For what it’s worth I did reach out to Paramount to see if they would ever entertain such a deal. Unsurprisingly there was no comment, and to be fair I can’t blame them.

But I said there was a caveat at the top. And it’s a pretty big caveat. The deal isn’t completed yet. Messi’s assertion that he wanted to join Inter Miami apparently even took the MLS by surprise.

We’re in for an interesting ride on a number of levels. Ownership and distribution is indeed changing significantly, and it’s going to affect the way brands work with sports and its stars in a big way.

The rest of the week

For a week that began with a public holiday, it’s been a pretty busy one of the media and marketing front.

Mumbrella was first with the news of the launch of the latest indie agency, Supermassive, which will be led by Laura Aldington, Simone Gupta and Jon Austin.

Aldington wrote on LinkedIn, “We’re also pretty stoked to be one of the first majority female-founded creative agencies in Australia.”

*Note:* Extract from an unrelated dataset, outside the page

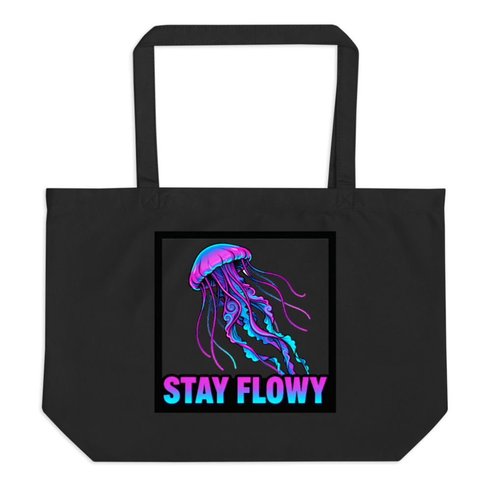 Eco-friendly large black organic tote bag featuring a vibrant neon jellyfish graphic and the motivational phrase ‘STAY FLOWY’. Made from certified organic cotton, this durable, sustainable bag combines style and purpose—ideal for everyday use, shopping, or as a thoughtful gift. Lightweight, spacious, and machine-washable. Perfect for conscious consumers seeking quality, comfort, and ocean-inspired positivity.

It came just a week after another trio launched a new agency.

It was also sad to hear that one of the leading executives in Australian PR, Michelle Hutton, would be moving on from Edelman. It comes after 13 years at the business with the new chapter beginning with an extended break. Very well deserved.

And on the media front the ABC dominated headlines with some questionable redundancies while The Guardian put its foot down on gambling advertising, something which we discussed on the Mumbrellacast.

I had specifically mentioned the industry needed to make a call on its stance. I didn’t think some of it would happen this quickly.

Signing off

Congratulations to all of the shortlisted entries in the Mumbrella Travel Marketing Awards. It’s great to see that industry really start to take off again, no pun intended.

Sadly no long weekend this time around so enjoy your two days.